US provided heavy weaponry training to YPG, defected terrorist suspect says

U.S. soldiers provided heavy weaponry training to terrorists at camps of the PKK's Syrian affiliate People's Protection Units (YPG) in Syria, a captured suspected terrorist confessed, once again revealing the ties between the U.S. and the terror group.
The Chief Public Prosecutors Office in southeastern Turkey's Gaziantep province opened a case against a Syrian national on charges of "being a member of a terrorist organization," within the scope of a probe into the PKK terror group's affiliates in Syria.
The suspect, identified as H.M., said in testimony that he came to Turkey approximately six years ago but returned to Syria after his father living in Aleppo got sick. The terrorist said that after spending two months in Aleppo, he went to the Pendir village located near northern Syria's Ayn al Arab, also known as Kobane, which is controlled by the YPG terrorists.
The terror suspect confessed that the YPG terrorists had forcefully taken him into the terror group's camps, noting: "The person code-named 'Amed,' who was in charge of my team, greeted us there. He gave me the code name 'Eriş.' We received armed and ideological training there for 40 days."
The suspect said that the training included ideological doctrine such as the establishment of Kurdistan State which consists of four regions, consisting of parts of Turkey, Iraq, Iran and Syria. He confessed that the terrorists in YPG camps said "we are no different than the PKK except for our names," adding that Abdullah Öcalan – the jailed terrorist leader of the PKK – is the leader of both groups.
The suspect said that he was taken to another camp after his training in the first camp, noting: "During my time in the YPG, weapons, bombs, rockets, ammunition, food and clothing needs have been delivered with vehicles."
"American soldiers gave us about 15 days of training on Kalashnikovs, machine guns and rocket launchers. American soldiers were distributing by hand Kalashnikovs to those who completed their training," he said.
H.M., who said he trained with about 150 others, said that after training was completed, they were separated into 30-membered groups and each group received two machine guns, two rocket launchers, 30 Kalashnikovs, ammunition and a pickup truck.
The terrorist said in the testimony that he started to stand guard near the Euphrates River, on the opposite side of Jarablus, after completing his training, adding that the YPG members wanted them to fire guns to scout planes, adding "they were flying drones to control us."
H.M. said he managed to escape to Turkey, where he was detained by security forces along the border, after seeing the evil face of the terror organization.
The relation between the U.S. and the PKK's Syrian affiliates has long been a concern for Turkey as the terrorist group's presence on the Turkish border poses grave security threats to the country's national security.

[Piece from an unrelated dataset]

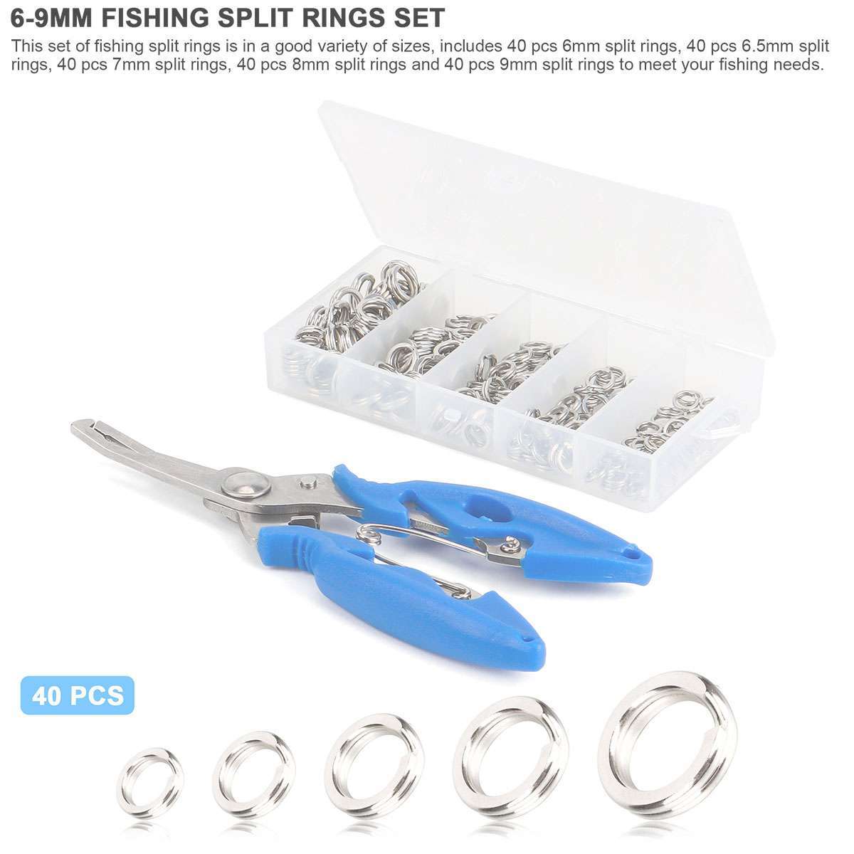• 200Pcs Stainless Steel 5 Size Fishing Lures Split Rings For Fish Snap Connector

During the fight against Daesh, the U.S. opted for partnering with the YPG despite its NATO ally's security concerns and provided truckloads of weapons to the terrorist group. Some 22,000 truckloads of arms and ammunition have been given to the YPG so far. Some of the arms include cruise missiles, Anti-Tank Guided Missiles (ATGM) and shoulder-launched surface-to-air missiles (MANPADS).
The delivery of arms and equipment to the YPG, which is still poisoning bilateral relations between the two NATO allies, began in 2014 and intensified in subsequent years.
The presence of these weapons has caused concern in Ankara, threatening the stability of northern Syrian areas that were liberated from Daesh during Operation Euphrates Shield and Operation Olive Branch. There are also other serious possible threats to Turkey, including the possibility of the transfer of these U.S.-made weapons to southeast Turkey through the border controlled by the YPG to be used against the Turkish army by PKK terrorists.
In recent years, U.S.-made rockets, anti-aircraft weapons, heavy machine guns and M-16 rifles were seized, particularly in the Kato Mountain located in Turkey's border province of Hakkari during anti-terror operations against PKK terrorists.
Also, reports have suggested that arms and ammunition given to the YPG were smuggled across Turkish borders through the Amanos Mountains near Turkey's southern province of Hatay, aiming to help the PKK's domestic terrorism activities. The Turkish army cut off this road for delivery after its Operation Olive Branch in Afrin last year.
The PKK – considered a terrorist organization by the U.S., Turkey and the E.U. – has waged an insurgency against the Turkish state since 1984. In its more than 30-year terror campaign against Turkey, the PKK has been responsible for the deaths of some 40,000 people, including many women and children.